The Fokker D.VIII parasol fighter is my favorite WW1 fighter for multiple reasons. As a concept tthe parasol fighter died out by WW2. But some lovely machines were made in the 1930's.

The French? Great planes. Great soldiers. Generals? A bit political for my taste. I note Napoleon had a habit of giving command to sergeants as he trusted the troop's competence more than his officer's. So the historical problems go back to the Revolution.

The airplanes though! France jumped ahead of everyone shortly after the Wright brothers proved heavier than air craft could be controllable. No insult to Russian and other designers. America didn't catch up till after WW1.

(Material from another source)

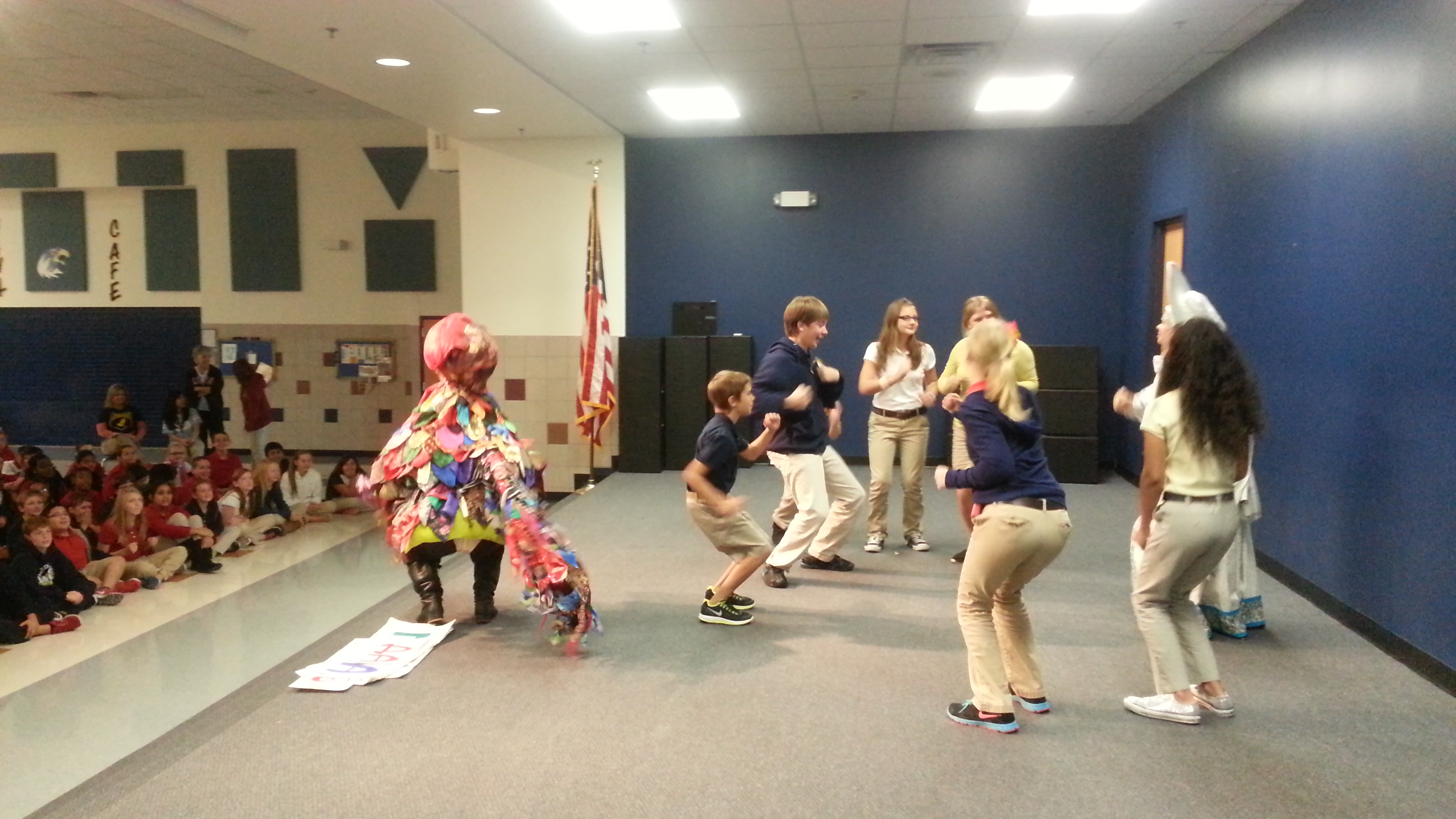After the segment on words, the students attempted to chatter in Russian for a couple minutes, smiling and laughing about how they sounded. Almost in the end of the performance, Mikhail paused to share a couple of Russian tongue twisters, explaining each one in English first, and then saying them in Russian at top speed. With each one, the twisters got more complicated and lengthy. There was even a chance for a handful of students to get up on stage and try out a couple of Russian percussion instruments.

It's amazing how good the French planes were at the beginning of WW2. If the war had started in 1944, as many planned, on both sides, things would have been different. When half your inventory of new, superior fighters was in hangers because they were waiting on propellers and other logistical/planning mistakes? ???

& the Curtis P-36 was state of the art for it's day and did well. Even against it's Grumman F4F cousin.

I really would enjoy an alternative history novel with war in the 1930's. U.S. Navy flying aircraft carriers. Etc.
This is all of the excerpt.